Question

The normal to the hyperbola 4x² - 9y² = 36 meets the axes in M and N and the lines MP, NP are drawn at right angles to the axes. The locus of P is the hyperbola.

• A. 9x² - 4y² = 169
• B. 4x² - 9y² = 169
• C. 3x² - 4y² = 169
• D. None of these

Answer 1

Answer: (A)

9x² - 4y² = 169

Answer 2

The given hyperbola can be written in the form

$\frac{x^{2}}{9} - \frac{y^{2}}{4} = 1$.

The equation of any normal to the given hyperbola is $\frac{3x}{\sec\theta} + \frac{2y}{\tan\theta} = 13$.
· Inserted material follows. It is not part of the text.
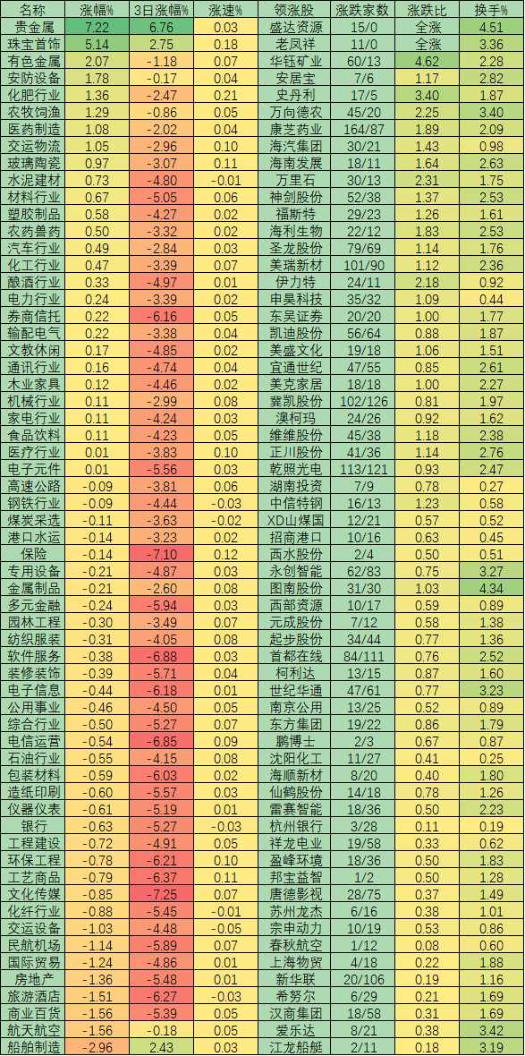 表:周一各行業(yè)市場(chǎng)表現(xiàn)一覽

It meets x-axis in M $\left( \frac{13}{3}\sec\theta,0 \right)$ and y-axis in N $\left( 0,\frac{13}{2}\tan\theta \right)$.

Let the coordinates of P be (x₁, y₁).

Since MP ⊥ NP, x₁ = NP = $\frac{13}{2}$ secθ, y₁ = MP = $\frac{13}{3}$ tanθ

∴ secθ = $\frac{3x_{1}}{13}$ and tanθ = $\frac{2y_{1}}{13}$.

⇒ $\frac{9x_{1}^{2}}{169} - \frac{4y_{1}^{2}}{169} = 1$ ($\because$sec²θ - tan²θ = 1)

Hence the locus of (x₁, y₁) is 9x² - 4y² = 169.